Дело было точно не в короле. С королём было всё в порядке. Через год после рождения близнецов — и два после свадьбы — в тайную детскую комнату в укромном уголке дворца принесли младенца, совершенно здоровую сероглазую девочку, так похожую на короля.
Поскольку каждый знал, хотя и не смел бы сказать вслух, как звали мать этой девочки, то каждый знал и то, что умерла она так же, как королева. В родах.
И, кстати, всё дело было в королеве.
Это у неё в роду все женились на кузинах, племянницах и тётках. Нельзя было удивиться, когда королева родила близнецов. Мальчик был ещё ничего, только сердце его не хотело биться, как надо. Врачи рекомендовали не волновать наследника, чего бы то ни стоило: любое ускорение сердцебиения могло обернуться для него трагично. Девочка, шедшая второй и чудом не застрявшая в умершей матери, была того хуже. Очень быстро стало ясно, что всё проклятье кровосмесительного рода матери сошлось в ней. Она росла такой же хорошенькой, как и брат,но никто никогда не слышал, чтобы она пыталась произнести хоть слово, не видел, чтобы она улыбалась, как все маленькие дети.

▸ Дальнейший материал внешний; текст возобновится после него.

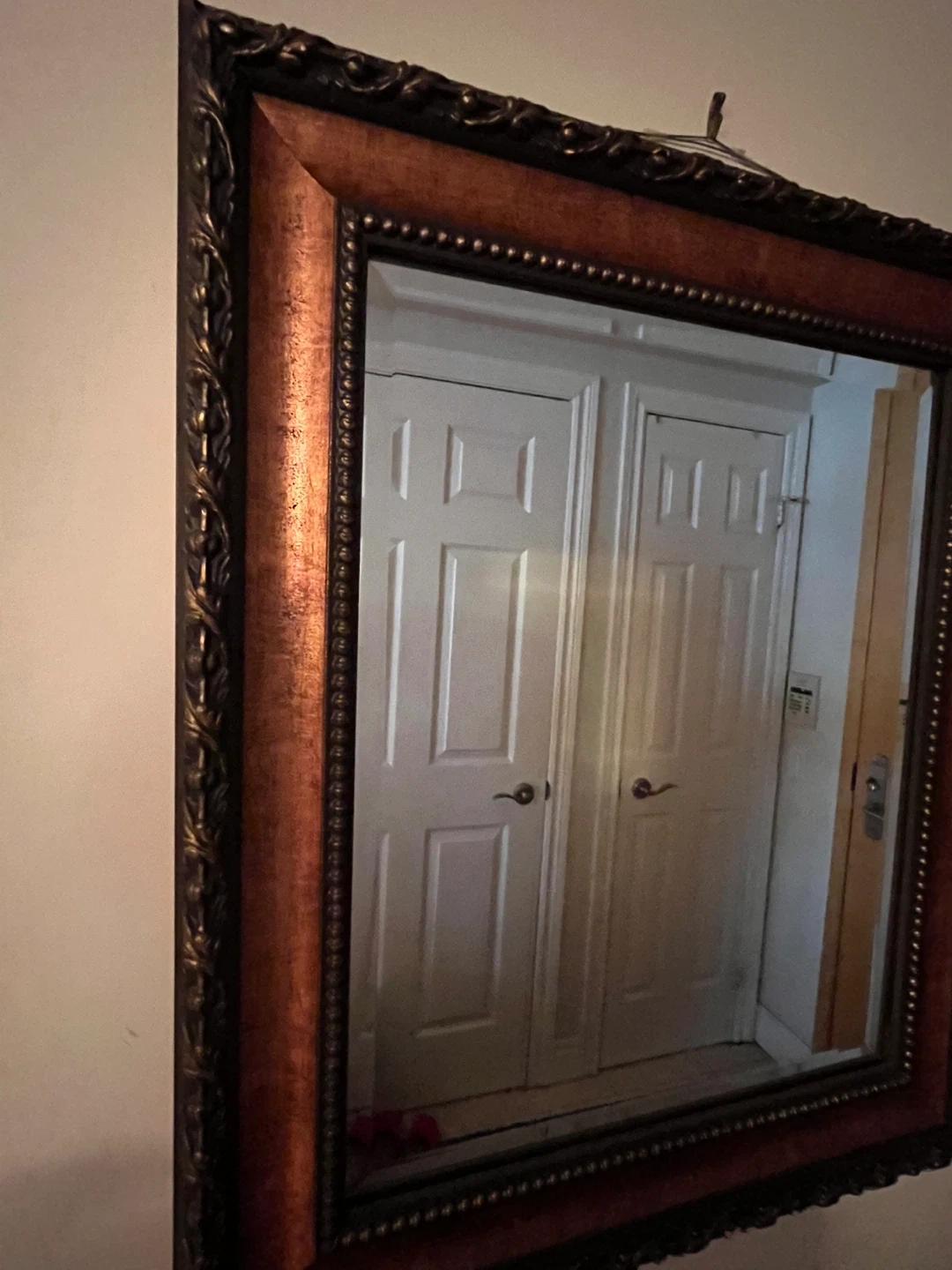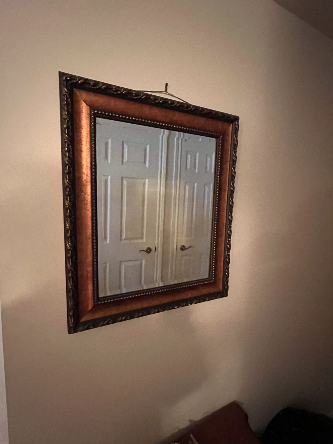 Selling a lovely wall mirror with an ornate frame. It's in great shape and ready to add a touch of elegance to your home.
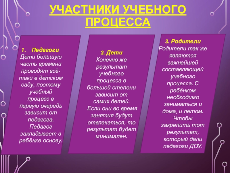 Родители так же являются важнейшей составляющей учебного процесса. С ребёнком необходимо заниматься и дома, и летом. Чтобы закрепить тот результат, который дали педагоги ДОУ.
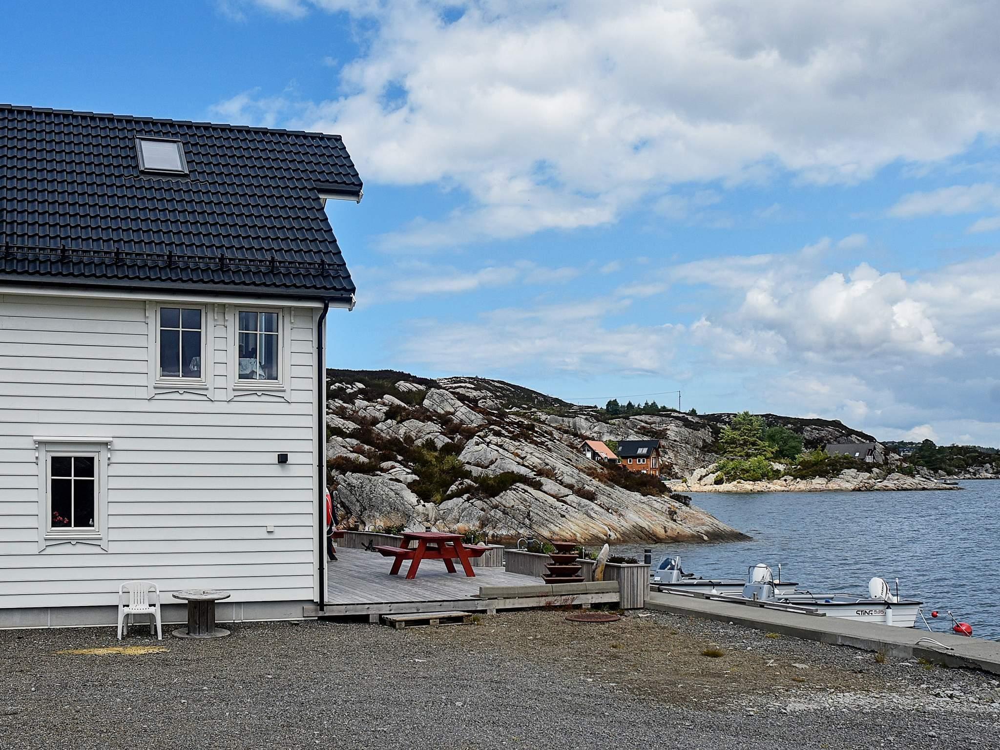 Sogenanntes Uferhaus (rorbu) in attraktiver, geschützter Südostlage. Bootsliegeplatz direkt vor dem Haus und kurze Anfahrt zu guten Angelgründen, daher ideal für Familien die gerne angeln!

Чем дальше, тем больше. Руки и ноги ей переставляли, как надо, иначе она не могла даже удобно сесть сама. Ела девочка только в комнате, где было тихо и темно, и только жидкую еду, иначе бедняжка начинала давиться. Никогда не глядела добрым людям в глаза. Отец называл её Куколкой. И он, и его сын вслед за ним любили несчастную юродивую. Тем более, что она так умела слушать всё, что ей говорили, склонив головку с таким видом, будто всё-всё понимает и как раз обдумывает. К тому же с ней можно было играть: она повторяла простые движения раз за разом, ловя мячик или ставя кубик за кубиком, словно строя длинную крепостную стену.

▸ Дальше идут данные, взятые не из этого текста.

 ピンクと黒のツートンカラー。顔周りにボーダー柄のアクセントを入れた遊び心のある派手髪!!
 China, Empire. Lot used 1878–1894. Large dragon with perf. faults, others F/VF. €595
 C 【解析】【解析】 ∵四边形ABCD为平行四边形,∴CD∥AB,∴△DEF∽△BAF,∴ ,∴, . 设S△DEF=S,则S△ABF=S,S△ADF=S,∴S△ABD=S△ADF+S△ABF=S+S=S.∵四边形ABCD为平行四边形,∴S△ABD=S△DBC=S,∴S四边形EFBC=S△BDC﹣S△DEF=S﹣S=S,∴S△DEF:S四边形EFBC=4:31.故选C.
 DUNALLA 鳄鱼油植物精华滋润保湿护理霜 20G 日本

И, о чудо, как же она была похожа на отца... И на ту, другую девочку, которая росла в дальнем конце дворца. Принц только раз наткнулся на свою незаконнорождённую сестричку и даже не смог отличить от Куколки. Он долго потом уверял всех, включая покорно слушающую близняшку, что его Куколка только притворяется, а на самом деле...
Король исчез без вести, когда принцу было неполных пять лет. Пропал во время охоты, где был, надо сказать, по своему обыкновению пьян. Поиски ни к чему не привели: ни короля, ни тела.
Три верховных министра, посовещавшись, объявили временное правительство до возвращения короля. Тутти продолжал оставаться наследником.
Ревизия дворца показала серьёзный беспорядок в делах и выявила тайную детскую. Девочку из неё думали отдать было в монастырь, но заколебались: в самом крайнем случае, наследовать могла и она, и тогда убийства принца было бы достаточно, чтобы скинуть его опекунов. Проливать королевскую кровь не решились. (Как и с её отцом. О, да, три министра отлично знали, что случилось с королём — хотя так же, как и все, не представляли, где сейчас его искать).
С девочкой сделали то, что от веку делали с маленькими бастардами: отдали с небольшой "пенсией" в бродячий цирк. Цирку всегда были нужны дети, из взрослых нехорошие акробаты. И не все акробаты переживают своё детство, если говорить честно.
Малыши продолжили жить, как прежде, Тутти и Кукла. Разве что теперь они всё время проводили друг с другом: после того, как исчез отец, мальчик до обморока боялся исчезновения сестры. Принц кидал мячик, и принцесса ловила мячик. Принц ставил кубик на кубик, и Кукла ставила сверху ещё один. Принц слушал урок гувернёра, и принцесса, склонив головку, тоже, казалось, слушала. Даже спали они в одной комнате: Тутти в кровати, а Кукла — в обитой атласным подушками коробке, как настоящая кукла. На кровати девочке было страшно, она начинала плакать, беззвучно кривая ротик и роняя огромные слёзы.
Три министра тряслись над наследником. Его жизнь, его здоровье были залогом их власти. Был призван лучший механик страны. От него потребовали поставить принцу механическое, железное сердце, которое работало бы так же точно, как лучшие часы. Механик развёл руками. Он мог сделать железную руку с пальцами, которые будут шевелиться, и железную ногу с коленом, которое будет так хорошо сгибаться, что безногий с этой ногой сможет танцевать. Но сердца он сделать не мог. Потребовали поменять суставы Кукле, чтобы она стала двигаться, как нормальная девочка, плавно и изящно. Механик заявил, что и лучшие из его кукол двигались точь-в-точь, как принцесса, так что предложить ему нечего. "Дело не в ногах, господа, дело в её голове," добавил он и помянул дурную кровь королевы. А потом добавил что-то, отчего озлившиеся министры приказали поместить его во дворцовый зверинец, якобы за оскорбление королевской семье. О покойной королеве больше не заикался никто и никогда, по крайней мере, при дворе.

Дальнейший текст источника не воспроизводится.